DROP TABLE IF EXISTS nyc.demo_single_big_file

In [49]:
df_mock_dms_data.writeTo("nyc.demo_single_big_file").append()



In [50]:
%%sql

select count(*) from nyc.demo_single_big_file 

count(1)
2000


In [53]:
%%sql
WITH windowed_changes AS (
    SELECT
        op,
        uuid,
        updated_at,
        row_number() OVER (
            PARTITION BY uuid
            ORDER BY updated_at DESC) AS row_num
    FROM nyc.demo_single_big_file
),
mirror as (
    SELECT uuid, updated_at, op
    FROM windowed_changes WHERE row_num = 1 AND op != 'D'
)
select count(*) from mirror where op='U'

count(1)
1000


## Schema Evolution

Adding, dropping, renaming, or altering columns is easy and safe in Iceberg. In this example, we'll rename `fare_amount` to `fare` and `trip_distance` to `distance`. We'll also add a float column `fare_per_distance_unit` immediately after `distance`.

In [None]:
%%sql

ALTER TABLE nyc.taxis RENAME COLUMN fare_amount TO fare

In [None]:
%%sql

ALTER TABLE nyc.taxis RENAME COLUMN trip_distance TO distance

In [None]:
%%sql

ALTER TABLE nyc.taxis ALTER COLUMN distance COMMENT 'The elapsed trip distance in miles reported by the taximeter.'

In [None]:
%%sql

ALTER TABLE nyc.taxis ALTER COLUMN distance TYPE double;

In [None]:
%%sql

ALTER TABLE nyc.taxis ALTER COLUMN distance AFTER fare;

In [None]:
%%sql

ALTER TABLE nyc.taxis
ADD COLUMN fare_per_distance_unit float AFTER distance

Let's update the new `fare_per_distance_unit` to equal `fare` divided by `distance`.

In [None]:
%%sql

UPDATE nyc.taxis
SET fare_per_distance_unit = fare/distance

In [None]:
%%sql

SELECT
VendorID
,tpep_pickup_datetime
,tpep_dropoff_datetime
,fare
,distance
,fare_per_distance_unit
FROM nyc.taxis

## Expressive SQL for Row Level Changes
With Iceberg tables, `DELETE` queries can be used to perform row-level deletes. This is as simple as providing the table name and a `WHERE` predicate. If the filter matches an entire partition of the table, Iceberg will intelligently perform a metadata-only operation where it simply deletes the metadata for that partition.

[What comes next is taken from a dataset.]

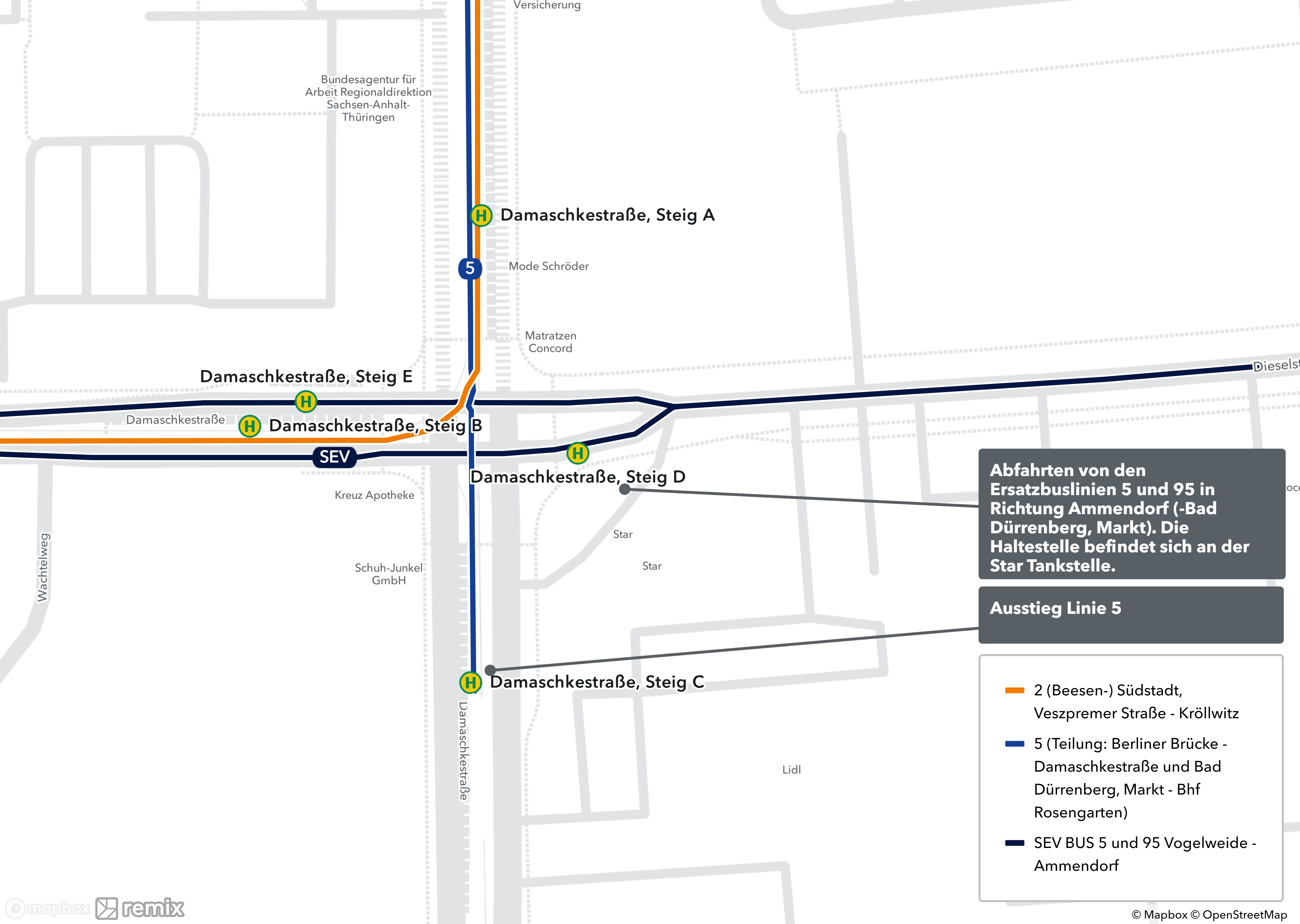 Die Straßenbahnlinie 95 wird ab der Haltestelle Vogelweide weiter zu Endhaltestelle Elsa-Brändström-Straße umgeleitet. Ein Anschluss wird zwischen der Straßenbahnlinie 95 und dem BUS SEV 95 an der Haltestelle Vogelweide eingerichtet. Fahrgäste, die weiter in Richtung Ammendorf möchten, nutzen bitte den BUS SEV 95 ab der Zusatzhaltestelle „Vogelweide“ eingangs der Damaschkestraße.

Let's perform a row-level delete for all rows that have a `fare_per_distance_unit` greater than 4 or a `distance` greater than 2. This should leave us with relatively short trips that have a relatively high fare per distance traveled.

In [None]:
%%sql

DELETE FROM nyc.taxis
WHERE fare_per_distance_unit > 4.0 OR distance > 2.0

There are some fares that have a `null` for `fare_per_distance_unit` due to the distance being `0`. Let's remove those as well.

In [None]:
%%sql

DELETE FROM nyc.taxis
WHERE fare_per_distance_unit is null

In [None]:
%%sql

SELECT
VendorID
,tpep_pickup_datetime
,tpep_dropoff_datetime
,fare
,distance
,fare_per_distance_unit
FROM nyc.taxis

In [None]:
%%sql

SELECT COUNT(*) as cnt
FROM nyc.taxis

## Partitioning

A table’s partitioning can be updated in place and applied only to newly written data. Query plans are then split, using the old partition scheme for data written before the partition scheme was changed, and using the new partition scheme for data written after. People querying the table don’t even have to be aware of this split. Simple predicates in WHERE clauses are automatically converted to partition filters that prune out files with no matches. This is what’s referred to in Iceberg as *Hidden Partitioning*.

In [None]:
%%sql

ALTER TABLE nyc.taxis
ADD PARTITION FIELD VendorID

## Metadata Tables

Iceberg tables contain very rich metadata that can be easily queried. For example, you can retrieve the manifest list for any snapshot, simply by querying the table's `snapshots` table.

In [None]:
%%sql

SELECT snapshot_id, manifest_list
FROM nyc.taxis.snapshots

The `files` table contains loads of information on data files, including column level statistics such as null counts, lower bounds, and upper bounds.

In [None]:
%%sql

SELECT file_path, file_format, record_count, null_value_counts, lower_bounds, upper_bounds
FROM nyc.taxis.files

## Time Travel

The history table lists all snapshots and which parent snapshot they derive from. The `is_current_ancestor` flag let's you know if a snapshot is part of the linear history of the current snapshot of the table.

In [None]:
%%sql

SELECT *
FROM nyc.taxis.history

You can time-travel by altering the `current-snapshot-id` property of the table to reference any snapshot in the table's history. Let's revert the table to it's original state by traveling to the very first snapshot ID.

In [None]:
%%sql --var df

SELECT *
FROM nyc.taxis.history

In [None]:
original_snapshot = df.head().snapshot_id
spark.sql(f"CALL system.rollback_to_snapshot('nyc.taxis', {original_snapshot})")
original_snapshot

In [None]:
%%sql

SELECT
VendorID
,tpep_pickup_datetime
,tpep_dropoff_datetime
,fare
,distance
,fare_per_distance_unit
FROM nyc.taxis

Another look at the history table shows that the original state of the table has been added as a new entry
with the original snapshot ID.

In [None]:
%%sql

SELECT *
FROM nyc.taxis.history

In [None]:
%%sql

SELECT COUNT(*) as cnt
FROM nyc.taxis